The upward revision comes after Britain is expected to fall into a mild recession in the second half of 2023, following two years of stagnation. But GDP growth in May was 0.4%, beating analysts’ expectations, with summer events such as the Euro 2024 soccer championships and Taylor Swift’s Hellas Tour expected to boost economic activity.
Earlier this month, investment bank Goldman Sachs raised its forecast for UK economic growth by 0.1 percentage point to 1.6% in 2025. It cited Prime Minister Keir Starmer’s new Labour government’s fiscal plans, which include plans for reform and closer trading ties with the European Union.
Deutsche Bank on Friday echoed Goldman in brightening its outlook for the UK economy, saying economists now expect GDP growth of 1.2% this year, well above the previous forecast of 0.8%.
Deutsche Bank said the country’s gross domestic product in May showed strength in the professional services and construction sectors and that it expected the Euros to provide a further boost to the hospitality and leisure sector.
Meanwhile, analysts at Jefferies said in a recent report that the UK looks “relatively stable” with Labour holding a majority in Parliament, which, combined with regulatory reforms, could make British assets more attractive.
The announcement comes as the Bank of England is expected to start cutting interest rates in the coming months.
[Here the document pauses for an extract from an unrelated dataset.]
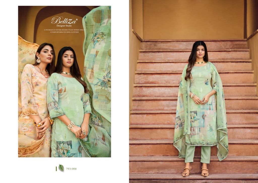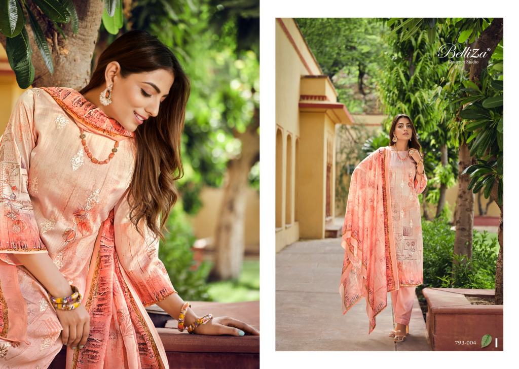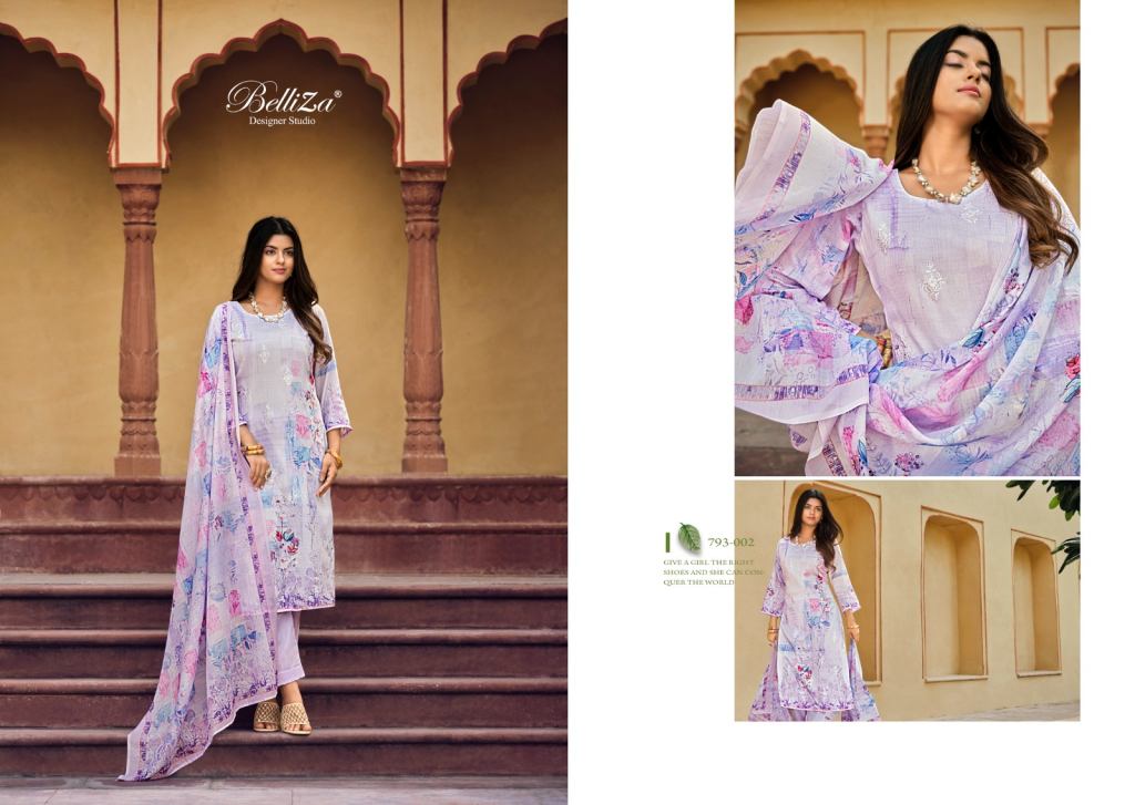 Belliza Orchid 793 Jam Cotton Designer Dress Materials, this catalogue fabric is Jam Cotton Digital Print With (2.50 mtrs apx) with Dupatta fabric is Cotton Muslin 4 Side Digital Print (2.30 mtrs apx) and Bottom fabric is Cotton Salwar (3 mtrs apx) and cotton dress material is a versatile and comfortable choice for creating a variety of stylish and breathable garments.

British inflation hit the central bank’s 2% target in May, and economists polled by Reuters expect inflation to fall further to 1.9% in Wednesday’s announcement.
Other economies for which the IMF revised up its 2024 growth forecasts on Tuesday included the euro area (up 0.1 percentage points to 0.9 percent), Spain (up 0.5 percentage points to 2.4 percent) and China (up 0.4 percentage points to 5 percent).
The company lowered its forecast for U.S. economic growth by 0.1 percentage point to 2.6%.
The organization expects global economic growth to reach 3.2 percent this year, and said the global economy and world trade were strong, driven in particular by strong exports from Asia.
But he warned that the services sector in general was slowing the deflation process, complicating monetary policy decisions.
“Escalating trade tensions and growing policy uncertainty increase the risks of rising inflation and the prospects of interest rates remaining elevated for a longer period,” the World Economic Outlook said.
—CNBC’s Sophie Kidderlin and Vicki McKeever contributed.